* _What you should do_
Transcribe word for word the section of the records below that opens with the line containing "- Produkt wykonany" and closes with the line containing "#ごとうみき #日本共産党 pic.x.com/J1GoZkGLhX"; drop every picture.

* _Dataset_
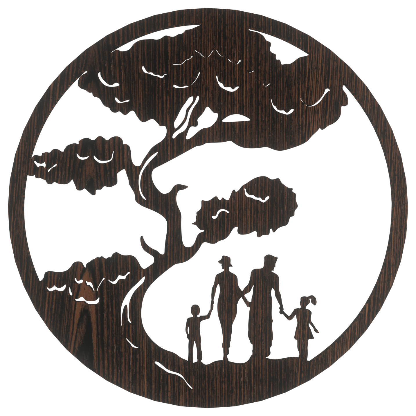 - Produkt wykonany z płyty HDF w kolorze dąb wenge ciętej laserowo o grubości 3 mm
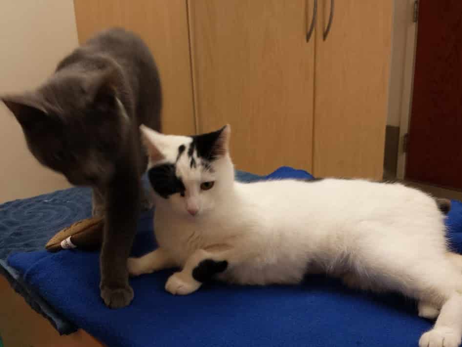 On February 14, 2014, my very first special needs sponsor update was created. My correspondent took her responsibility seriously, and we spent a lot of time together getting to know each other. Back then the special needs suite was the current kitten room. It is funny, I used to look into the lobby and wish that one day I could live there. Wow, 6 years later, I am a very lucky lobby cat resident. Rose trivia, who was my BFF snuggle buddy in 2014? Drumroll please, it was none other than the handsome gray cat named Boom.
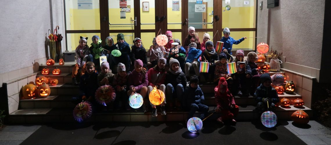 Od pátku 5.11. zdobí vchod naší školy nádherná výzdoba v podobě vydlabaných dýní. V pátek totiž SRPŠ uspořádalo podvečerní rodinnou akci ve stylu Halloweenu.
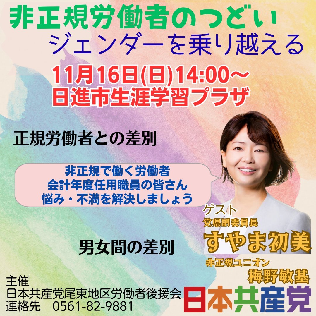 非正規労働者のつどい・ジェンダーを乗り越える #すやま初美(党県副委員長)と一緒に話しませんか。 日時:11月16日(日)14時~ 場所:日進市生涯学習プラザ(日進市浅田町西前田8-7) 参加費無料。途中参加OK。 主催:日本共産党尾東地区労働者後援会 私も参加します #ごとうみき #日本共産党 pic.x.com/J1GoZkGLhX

...

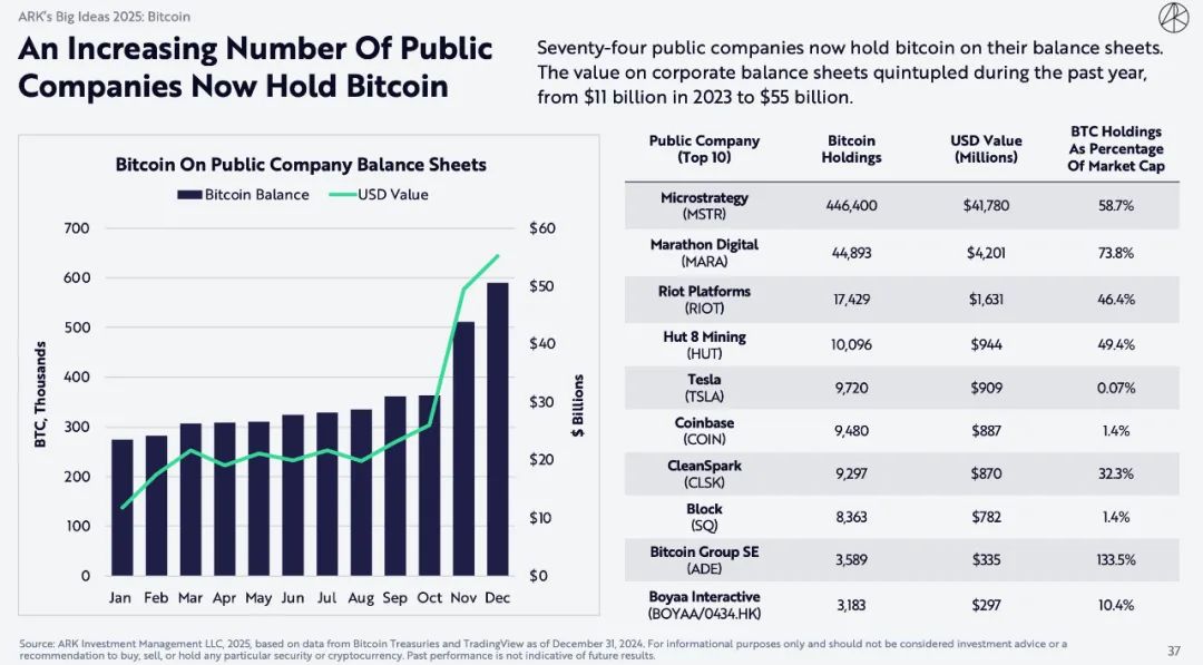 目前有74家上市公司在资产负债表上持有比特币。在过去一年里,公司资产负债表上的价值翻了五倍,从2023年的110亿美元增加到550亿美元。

---

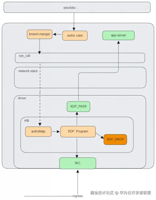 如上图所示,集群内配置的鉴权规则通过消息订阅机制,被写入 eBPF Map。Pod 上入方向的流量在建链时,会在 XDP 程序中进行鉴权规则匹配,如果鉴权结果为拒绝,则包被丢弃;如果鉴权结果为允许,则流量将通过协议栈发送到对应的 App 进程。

* _Answer space_
 - Produkt wykonany z płyty HDF w kolorze dąb wenge ciętej laserowo o grubości 3 mm
 On February 14, 2014, my very first special needs sponsor update was created. My correspondent took her responsibility seriously, and we spent a lot of time together getting to know each other. Back then the special needs suite was the current kitten room. It is funny, I used to look into the lobby and wish that one day I could live there. Wow, 6 years later, I am a very lucky lobby cat resident. Rose trivia, who was my BFF snuggle buddy in 2014? Drumroll please, it was none other than the handsome gray cat named Boom.
 Od pátku 5.11. zdobí vchod naší školy nádherná výzdoba v podobě vydlabaných dýní. V pátek totiž SRPŠ uspořádalo podvečerní rodinnou akci ve stylu Halloweenu.
 非正規労働者のつどい・ジェンダーを乗り越える #すやま初美(党県副委員長)と一緒に話しませんか。 日時:11月16日(日)14時~ 場所:日進市生涯学習プラザ(日進市浅田町西前田8-7) 参加費無料。途中参加OK。 主催:日本共産党尾東地区労働者後援会 私も参加します #ごとうみき #日本共産党 pic.x.com/J1GoZkGLhX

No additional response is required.